Alone with Gatsby in Paris

Me at the Pompidou Centre (the modern art museum) studying a blue canvas,
hoping to "see" something beyond just blue. No such luck.
(Picture compliments of Liza Mattison)

Today my mind is in Paris. Floating along the Seine.  Sitting in the shadow of the Sorbonne as the day cools to evening. Rambling the cobbled streets on Isle St. Louis as the shadow of Notre Dame lengthens and the sky turns a deep amber. My memories are warm, idyllic.

I tend to forget the day I trudged beneath scorching sun for what seemed like miles to the Louvre only to find it closed. (So what was left for me but to trudge back from whence I came?) I tend to forget when I took a wrong turn in the Jardin du Luxembourg and nearly lost myself in a maze of avenues.
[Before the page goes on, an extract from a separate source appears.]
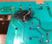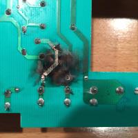 Was mich wundert sind die Schmauchspratzer um das Kontaktierpad (Bild 4, Lötpad im verkokelten Bereich unten rechts). Die Platine sieht für mich nach Single-Layer aus und an dieser Stelle ist auf der Bestückungsseite nichts. Vielleicht ist es aber auch gar kein Pad, sondern nur eine blanke Stelle. Ich entferne glaube ich mal die Schmauchspuren und machen weitere Fotos.
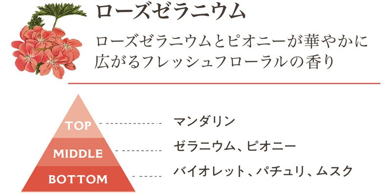 ローズゼラニウム ローズゼラニウムとピオニーが華やかに広がるフレッシュフローラルの香り

I tend to forget the intensity of the writing residency in which I was participating: Workshops. Lectures. Museums.

Yet it was the mandatory (I hate that word) walking tour that sent me nearly over the edge.

Our group of about ten walked inside dim, cool churches whose names I made no effort to remember. We saw Hemingway’s flat he shared with Hadley and the café he frequented on Rue Saint-Germaine.  We saw the original Shakespeare & Co. building. We stood outside the hotel where Oscar Wilde dropped dead in the lobby. I felt a loud pressure building in my head—too much information, too much heat, too much. Too much!

Finally we ambled onto the Pont des Arts—a pedestrian bridge standing as a homage to eternal love with the many padlocks secured there with their keys at the bottom of the Seine—that my toes eeked out over the lip of the ledge and my head screamed, “enough!”



I looked over the padlocks, over the Seine, toward Pont Neuf and decided I needed to be alone. Alone in Paris.

I thanked our guides. I left our group. I stepped off Pont des Arts and onto the crowded sidewalk. I sidled along book merchants and tables of cheap souvenirs on the Quai de Conti.  As I pushed forward, knocked shoulders with passersby, I found myself walking slower. Forcing my mind into thoughtfulness, awareness of that within as well as without.

The smooth French language being strewn around me—little of which I understood except the occasional oui. The whish of cars flying past. The thud and scrape of feet on pavement. The rustle of leaves in the branches above. The pulse of my heartbeat at the base of my throat. The heat of the sun on my back and the trickle of sweat between my shoulder blades. The realization that I walked the same avenues, peered in the same windows, as Hemingway, Fitzgerald, Dali, Van Gogh, Stein. What pieces of themselves had they left for other Paris sojourners? What pieces of myself would I leave behind? Or would I only carry forward the memories, the experiences, the tastes and wonders of this magical city?

It brought to mind one of the greatest ending lines of literature penned by ex-pat Fitzgerald in The Great Gatsby: “So we beat on, boats against the current, borne back ceaselessly into the past.”

Reread that. Go ahead. Roll it around in your mouth for a second.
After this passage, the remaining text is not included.